§ **WORK ORDER**:
Please return the data that follows precisely as written, but without the images.

═════ DATASET EXTRACT ═════

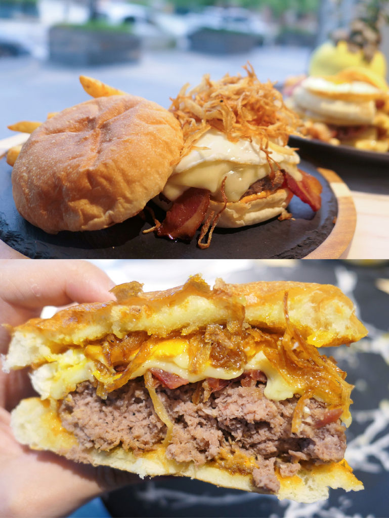 而搭配漢堡肉的,是帶點辣度的咖哩美乃滋、鹹香培根、荷包蛋及淡淡奶味的埃德姆起司,最上頭的炸洋蔥更是甜味的主要來源。
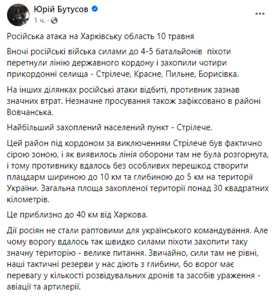Український журналіст Юрій Бутусов заявив, що російські війська нібито перетнули кордон у Харківській області та захопили чотири прикордонні населені пункти: Стрілеча, Красне, Пильна та Борисівка. Про це 10 травня він написав на своїй Facebook-сторінці.
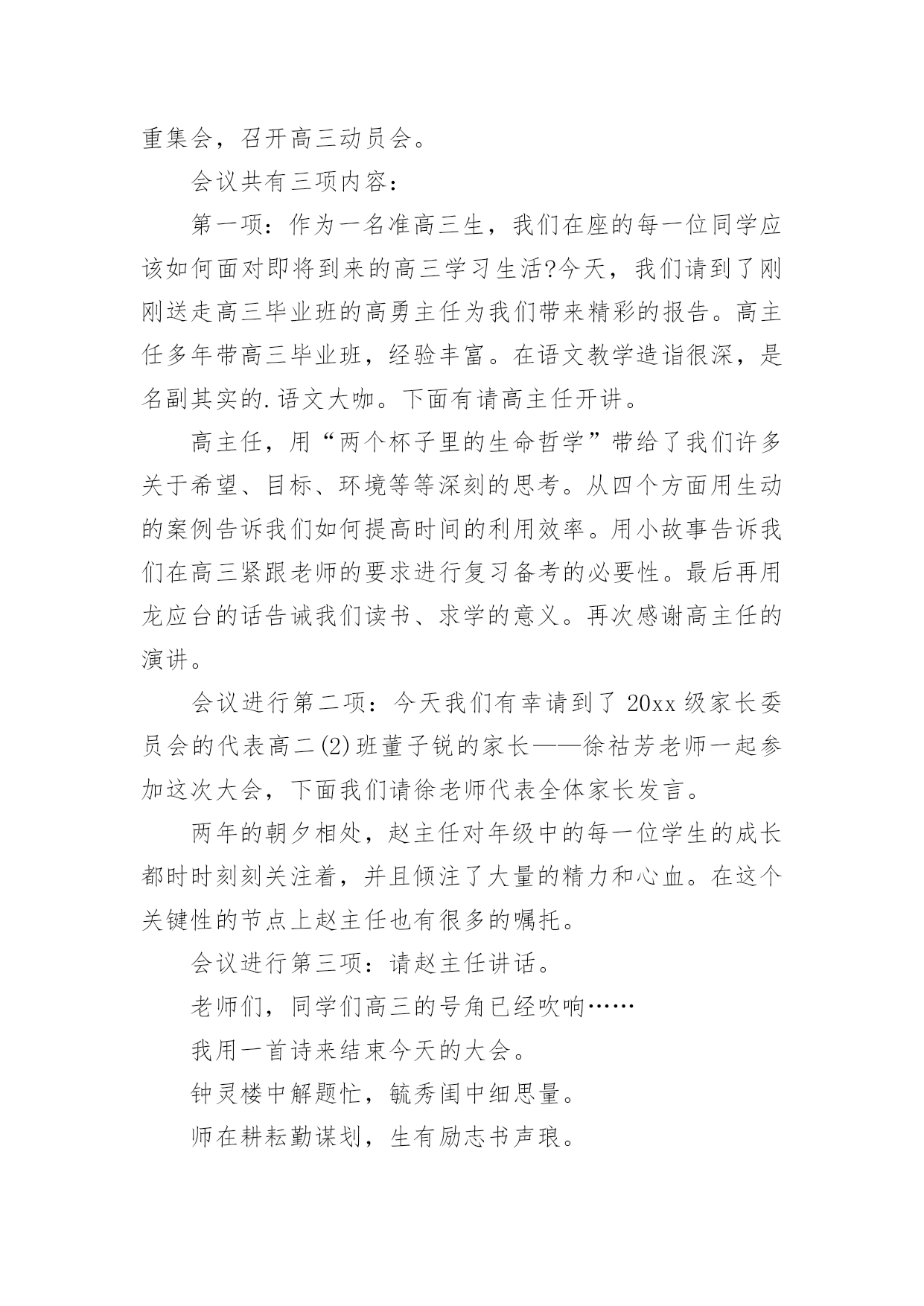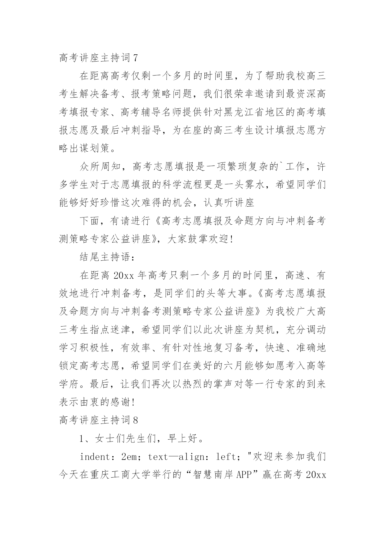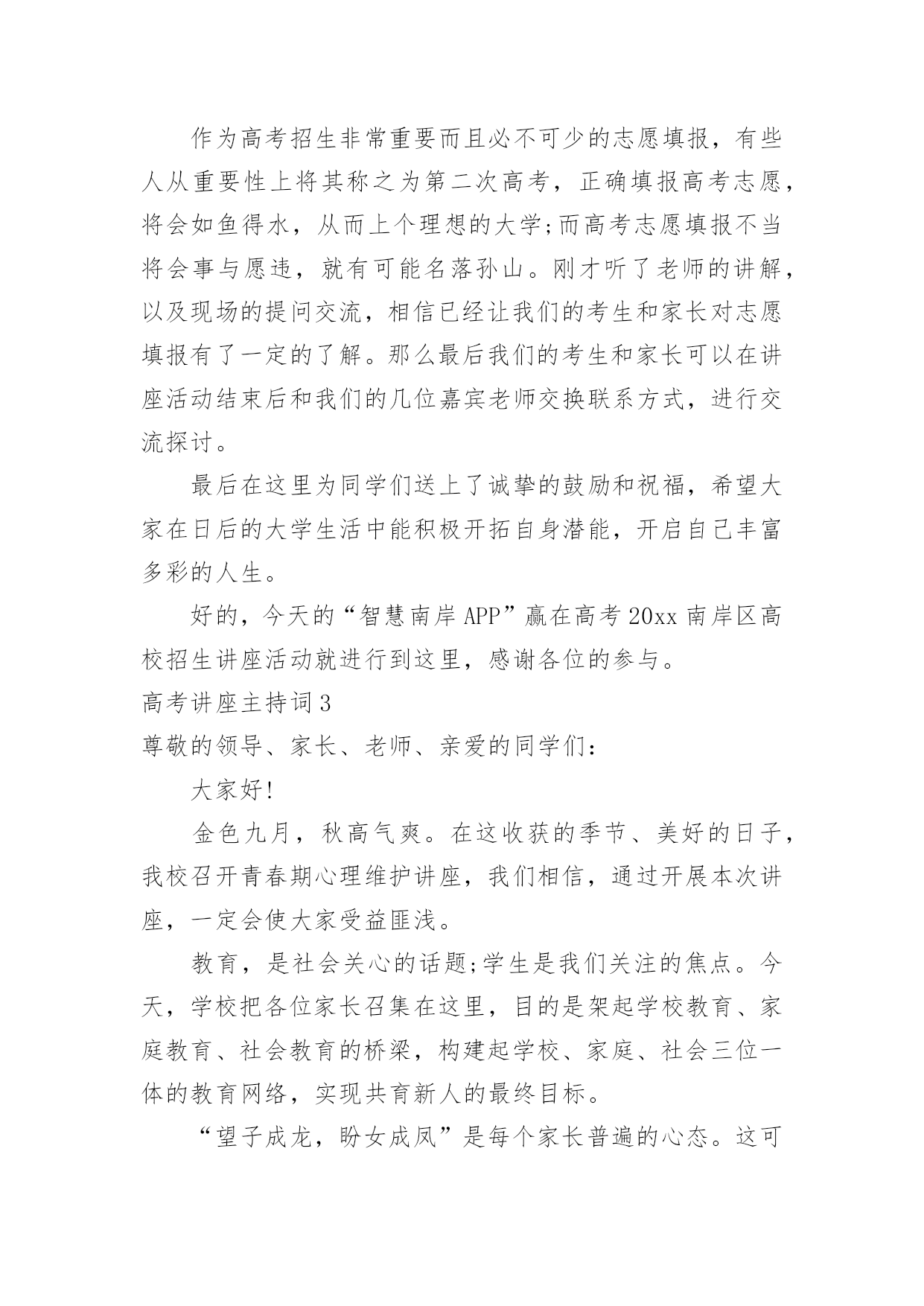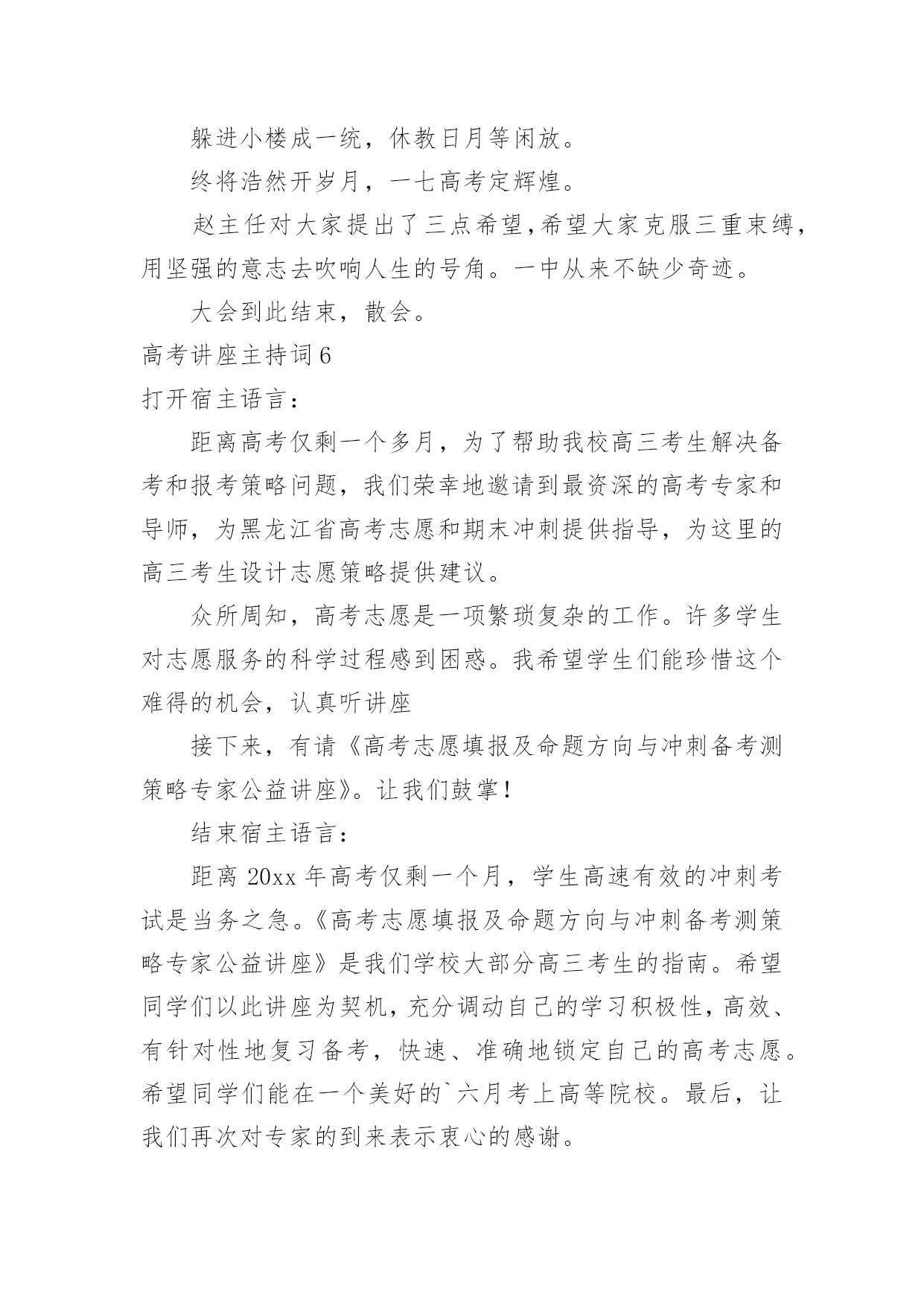 高考讲座主持词高考讲座主持词契合现场环境的主持词能给集会带来双倍的效果。在当今不断发展的世界,主持词是活动、集会等的必需品,你所见过的主持词应该是什么样的?下面是小编整理的高考讲座主持词,欢迎大家分享。高考讲座主持词1各位老师,同学们:上午好!我们胶西镇大村小学是一所农村小学,我们老师们面临着家长外出打工造成的留守儿童以及因为家庭变故而导致的一系列的儿童教育问题,当我们满怀困惑的时候,今天非常幸运的邀请到了李桂娟老师为我们指点迷津,让我们以热烈的掌声欢迎李老师的到来!李老师先后获得心理咨询师,国家中级心理辅导员、沙盘治疗师,以及胶州心语热线成员,相信今天李老师做的“自信—”一定会让老师和同学们受益匪浅,今天我们议程有两项,第一项是聆听李老师做的报告,第二项是我们老师在班级管理中遇到的各种儿童心理问题与李老师做一个研讨交流。下面就让我们以热烈的掌声欢迎李老师为我们做精彩报告。时间过的'很快啊,李老师用生动鲜活的案例,深入浅出的讲解了自信的含义,自信确实会让每一个孩子增添无限的神采,相信今天听了李老师的讲座,我们各位老师都一定会豁然开朗,让我们再一次用热烈的掌声感谢李老师为我们做的这一场精彩的报告!今天的活动到此结束,请各班带回。高考讲座主持词2各位来宾:上午好!欢迎来参加我们今天在重庆工商大学举行的“智慧南岸APP”赢在高考20xx南岸区高校招生讲座活动。本次活动由南岸区教委、江南大学城管委会、南岸报社,以及南岸电视台主办。重庆邮电大学、重庆交通大学、重庆工商大学、重庆第二师范学院、以及重庆建筑工程职业学院协办。本次活动我们也是有幸请到了高考志愿填报的专家老师以及驻区高校招生办的负责人来到我们今天的活动现场,他们是南岸区教育考试中心咨询顾问张伟,xxxx重庆邮电大学xxx欢迎你们。今天来到我们讲座活动现场的还有参加20xx年高考的同学及学生家长,欢迎你们。今年的高考已经结束了一个多星期,20xx年普通高校招生填报志愿工作也即将开始。如何科学、合理地填报好志愿,关系到咱们每名考生能否被顺利录取到自己理想的学校和专业,甚至影响到考生的未来前途和发展。为了更好的帮助考生和家长合理地填报高考志愿,志愿填报的指导一定是必不可少的。我想作为志愿填报这方面的专家南岸区教育考试中心的咨询顾问张伟老师您是最有发言权的',那么首先就请您来给我们介绍一下志愿填报的的相关情况(问下张伟大概他要讲的)好的,谢谢张伟老师。那么对于高考考生和考生家长而言紧张的高考虽然结束了,但之后仍会有许多“烦心事”,填报志愿便是其中让人挠头的选择题。因为高考志愿填报不仅意味着大学四年学什么,很大程度上还是一个人职业生涯的起点、人生方向的抉择。可是在回答这道题时,学生和家长未必有清晰的思路,缺乏专业、有针对性的指导意见,孩子的兴趣和潜在能力往往被忽略。而且厚厚的《高考填报志愿指南》内容多、对专业的叙述不太全面,如果没有老师的系统指导,学生难以从中准确找到自己喜欢的专业。而且对于招生经验丰富的招生办负责人来说,每年最让他们觉得可惜的情况是什么?考生最不该犯什么乌龙的错误?哪些冷门专业是招生老师眼中的“金子”呢?所以在广大考生马上就要填报志愿之际,我们今天就特意邀请了我区几所高校招生办负责人来到现场,为咱们考生“考得好还要填得好“出谋划策。下面我们就有请xxx来给我们介绍一下。好的感谢xx老师给我们的介绍。我想今天在这里通过我们几位专家老师的讲解,让我们现场的考生及家长对于志愿填报有了更多地了解。接下来我们就把时间交给现场的考生和家长们,你们有什么志愿填报方面的问题都可以向我们现场的专家老师举手提问。作为高考招生非常重要而且必不可少的志愿填报,有些人从重要性上将其称之为第二次高考,正确填报高考志愿,将会如鱼得水,从而上个理想的大学;而高考志愿填报不当将会事与愿违,就有可能名落孙山。刚才听了老师的讲解,以及现场的提问交流,相信已经让我们的考生和家长对志愿填报有了一定的了解。那么最后我们的考生和家长可以在讲座活动结束后和我们的几位嘉宾老师交换联系方式,进行交流探讨。最后在这里为同学们送上了诚挚的鼓励和祝福,希望大家在日后的大学生活中能积极开拓自身潜能,开启自己丰富多彩的人生。好的,今天的“智慧南岸APP”赢在高考20xx南岸区高校招生讲座活动就进行到这里,感谢各位的参与。高考讲座主持词3尊敬的领导、家长、老师、亲爱的同学们:大家好!金色九月,秋高气爽。在这收获的季节、美好的日子,我校召开青春期心理维护讲座,我们相信,通过开展本次讲座,一定会使大家受益匪浅。教育,是社会关心的话题;学生是我们关注的焦点。今天,学校把各位家长召集在这里,目的是架起学校教育、家庭教育、社会教育的桥梁,构建起学校、家庭、社会三位一体的教育网络,实现共育新人的最终目标。“望子成龙,盼女成凤”是每个家长普遍

═════

§ **ANSWER SPACE**:
 而搭配漢堡肉的,是帶點辣度的咖哩美乃滋、鹹香培根、荷包蛋及淡淡奶味的埃德姆起司,最上頭的炸洋蔥更是甜味的主要來源。
Український журналіст Юрій Бутусов заявив, що російські війська нібито перетнули кордон у Харківській області та захопили чотири прикордонні населені пункти: Стрілеча, Красне, Пильна та Борисівка. Про це 10 травня він написав на своїй Facebook-сторінці.
 高考讲座主持词高考讲座主持词契合现场环境的主持词能给集会带来双倍的效果。在当今不断发展的世界,主持词是活动、集会等的必需品,你所见过的主持词应该是什么样的?下面是小编整理的高考讲座主持词,欢迎大家分享。高考讲座主持词1各位老师,同学们:上午好!我们胶西镇大村小学是一所农村小学,我们老师们面临着家长外出打工造成的留守儿童以及因为家庭变故而导致的一系列的儿童教育问题,当我们满怀困惑的时候,今天非常幸运的邀请到了李桂娟老师为我们指点迷津,让我们以热烈的掌声欢迎李老师的到来!李老师先后获得心理咨询师,国家中级心理辅导员、沙盘治疗师,以及胶州心语热线成员,相信今天李老师做的“自信—”一定会让老师和同学们受益匪浅,今天我们议程有两项,第一项是聆听李老师做的报告,第二项是我们老师在班级管理中遇到的各种儿童心理问题与李老师做一个研讨交流。下面就让我们以热烈的掌声欢迎李老师为我们做精彩报告。时间过的'很快啊,李老师用生动鲜活的案例,深入浅出的讲解了自信的含义,自信确实会让每一个孩子增添无限的神采,相信今天听了李老师的讲座,我们各位老师都一定会豁然开朗,让我们再一次用热烈的掌声感谢李老师为我们做的这一场精彩的报告!今天的活动到此结束,请各班带回。高考讲座主持词2各位来宾:上午好!欢迎来参加我们今天在重庆工商大学举行的“智慧南岸APP”赢在高考20xx南岸区高校招生讲座活动。本次活动由南岸区教委、江南大学城管委会、南岸报社,以及南岸电视台主办。重庆邮电大学、重庆交通大学、重庆工商大学、重庆第二师范学院、以及重庆建筑工程职业学院协办。本次活动我们也是有幸请到了高考志愿填报的专家老师以及驻区高校招生办的负责人来到我们今天的活动现场,他们是南岸区教育考试中心咨询顾问张伟,xxxx重庆邮电大学xxx欢迎你们。今天来到我们讲座活动现场的还有参加20xx年高考的同学及学生家长,欢迎你们。今年的高考已经结束了一个多星期,20xx年普通高校招生填报志愿工作也即将开始。如何科学、合理地填报好志愿,关系到咱们每名考生能否被顺利录取到自己理想的学校和专业,甚至影响到考生的未来前途和发展。为了更好的帮助考生和家长合理地填报高考志愿,志愿填报的指导一定是必不可少的。我想作为志愿填报这方面的专家南岸区教育考试中心的咨询顾问张伟老师您是最有发言权的',那么首先就请您来给我们介绍一下志愿填报的的相关情况(问下张伟大概他要讲的)好的,谢谢张伟老师。那么对于高考考生和考生家长而言紧张的高考虽然结束了,但之后仍会有许多“烦心事”,填报志愿便是其中让人挠头的选择题。因为高考志愿填报不仅意味着大学四年学什么,很大程度上还是一个人职业生涯的起点、人生方向的抉择。可是在回答这道题时,学生和家长未必有清晰的思路,缺乏专业、有针对性的指导意见,孩子的兴趣和潜在能力往往被忽略。而且厚厚的《高考填报志愿指南》内容多、对专业的叙述不太全面,如果没有老师的系统指导,学生难以从中准确找到自己喜欢的专业。而且对于招生经验丰富的招生办负责人来说,每年最让他们觉得可惜的情况是什么?考生最不该犯什么乌龙的错误?哪些冷门专业是招生老师眼中的“金子”呢?所以在广大考生马上就要填报志愿之际,我们今天就特意邀请了我区几所高校招生办负责人来到现场,为咱们考生“考得好还要填得好“出谋划策。下面我们就有请xxx来给我们介绍一下。好的感谢xx老师给我们的介绍。我想今天在这里通过我们几位专家老师的讲解,让我们现场的考生及家长对于志愿填报有了更多地了解。接下来我们就把时间交给现场的考生和家长们,你们有什么志愿填报方面的问题都可以向我们现场的专家老师举手提问。作为高考招生非常重要而且必不可少的志愿填报,有些人从重要性上将其称之为第二次高考,正确填报高考志愿,将会如鱼得水,从而上个理想的大学;而高考志愿填报不当将会事与愿违,就有可能名落孙山。刚才听了老师的讲解,以及现场的提问交流,相信已经让我们的考生和家长对志愿填报有了一定的了解。那么最后我们的考生和家长可以在讲座活动结束后和我们的几位嘉宾老师交换联系方式,进行交流探讨。最后在这里为同学们送上了诚挚的鼓励和祝福,希望大家在日后的大学生活中能积极开拓自身潜能,开启自己丰富多彩的人生。好的,今天的“智慧南岸APP”赢在高考20xx南岸区高校招生讲座活动就进行到这里,感谢各位的参与。高考讲座主持词3尊敬的领导、家长、老师、亲爱的同学们:大家好!金色九月,秋高气爽。在这收获的季节、美好的日子,我校召开青春期心理维护讲座,我们相信,通过开展本次讲座,一定会使大家受益匪浅。教育,是社会关心的话题;学生是我们关注的焦点。今天,学校把各位家长召集在这里,目的是架起学校教育、家庭教育、社会教育的桥梁,构建起学校、家庭、社会三位一体的教育网络,实现共育新人的最终目标。“望子成龙,盼女成凤”是每个家长普遍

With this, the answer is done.